# Almond-Pecan Rainbow Trout with Mandarin Orange Beurre Blanc



## Raine (Mar 12, 2005)

McGill's Restaurant Almond-Pecan Rainbow Trout with Mandarin Orange Beurre Blanc

Serves 2

2 rainbow trout (dressed)

For Breading 
1/2 cup all-purpose flour 
1 egg 
1/4 cup milk 
1/2 cup chopped pecans 
1/2 cup sliced almonds 
1/4 cup bread crumbs 
2 ounces olive oil

Sauce 
1/4 cup mandarin oranges 
1/2 teaspoon orange juice concentrate 
1 ounce Grand Marnier 
1/4 pound butter

Mix egg with milk, then in a separate bowl mix pecans, almonds, and bread crumbs. Dredge each trout in flour the milk mixture, and then the pecan breading.

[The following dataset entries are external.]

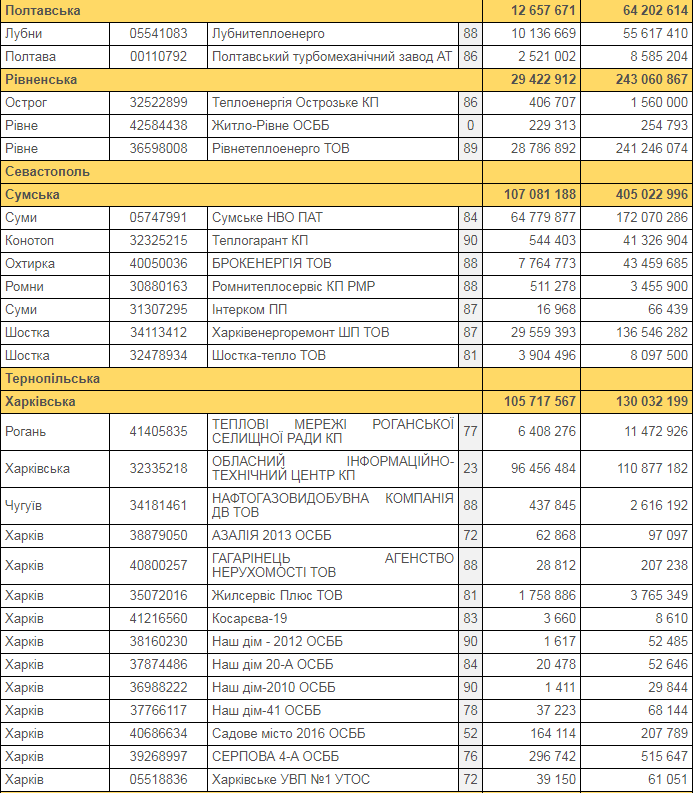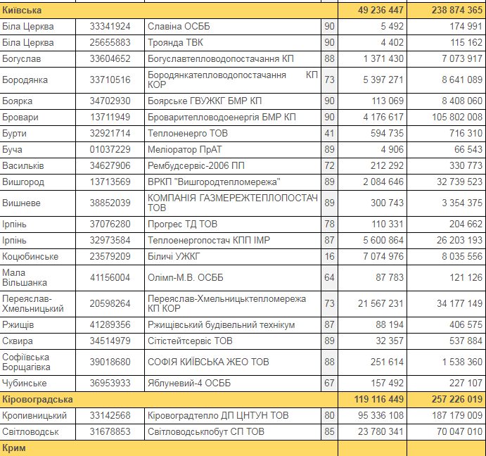 «Нафтогаз» начал публиковать информации о производителях тепла, у которых сложилась критическая ситуация с оплатой услуг.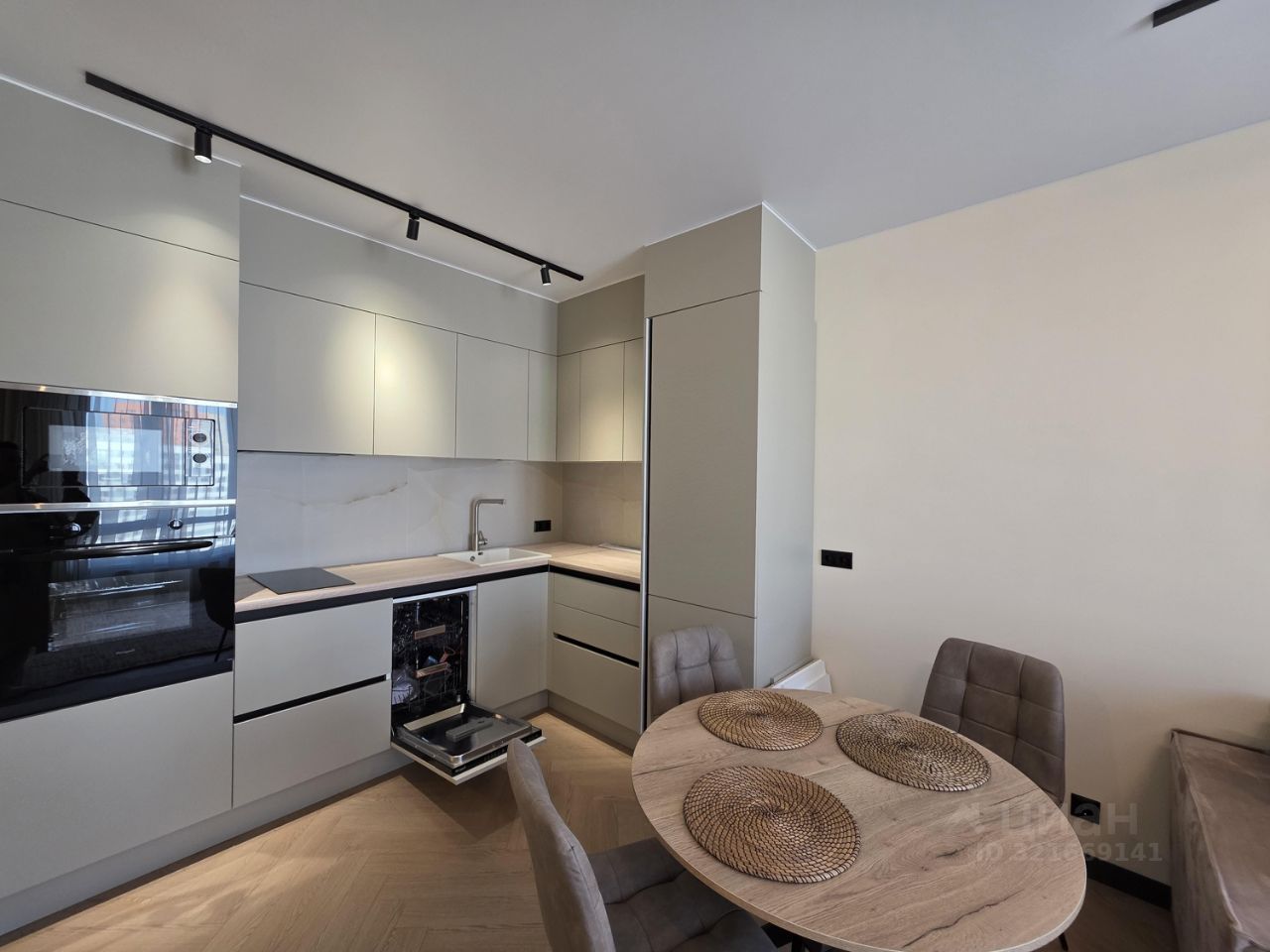 Предлагается вашему вниманию просторная евродвушка в ЖК ''Кит''. Общая площадь 40м2. Квартира после свежего ремонта. Кухня-гостиная: зона кухни: встроенный кухонный гарнитур под единой столешницей, встроенная варочная панель стеклокерамика, вытяжка, встроенный духовой шкаф, СВЧ. Посудомоечная машина. Встроенный холодильник. Стол обеденный (круглый), стулья. Зона гостиной: удобный раскладной диван с подушками, тумба с ящиками для хранения, ТВ ЖК. Кондиционер. Зона кухни и гостиной оснащенны вариантами освещения. Спальня: большая кровать с ящиком для хранения, матрас, большой вместительный шкаф купе с зеркалом. Кондиционер. СУС: кафель, тёплые полы, ванна, унитаз с инсталляцией, зеркало, умывальник с тумбой для хранения, шкаф с полками. Стиральная машина автомат.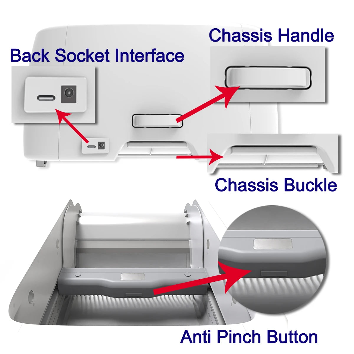 Warm Tips: I designed two power jacks at the back of the cat litter box. We have configured a power adapter for this machine. There are power adapters of different country specifications to choose from. If there is no power adapter suitable for your country, it doesn’t matter, because we are equipped with a TYPE-C interface. You only need to prepare a 5V 1A adapter or a power bank to work. If you encounter unstable voltage, switch to the TYPE-C interface first. It is more stable and more convenient to carry, because it can be run outdoors using a power bank or car charger.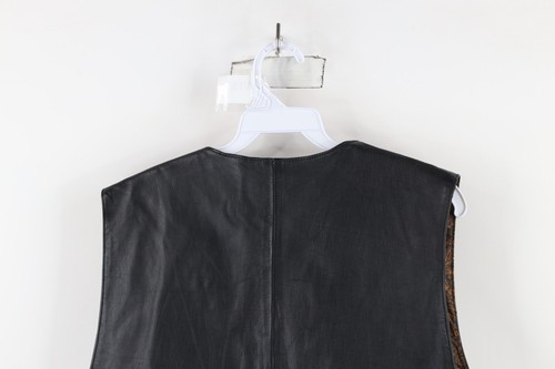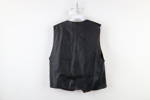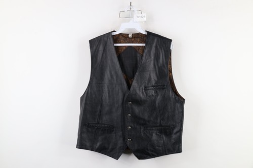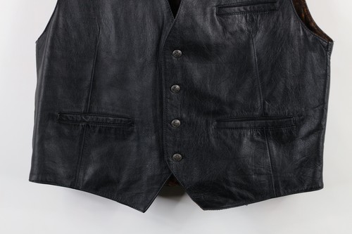 Vintage 90s Streetwear Mens Large Distressed Leather Button Vest Jacket Black

Heat a 12-inch skillet over medium high heat and heat olive oil then add trout and sauté for 2 to 3 minutes then turn and cook other side for 2 to 3 minutes then remove from pan and place on serving platter.

Drain off grease from pan and add Grand Marnier and flambé. Add orange juice concentrate, orange slices and heat until just boiling then add butter cubes a little at a time until incorporated then remove from heat and pour sauce over trout and serve.


----------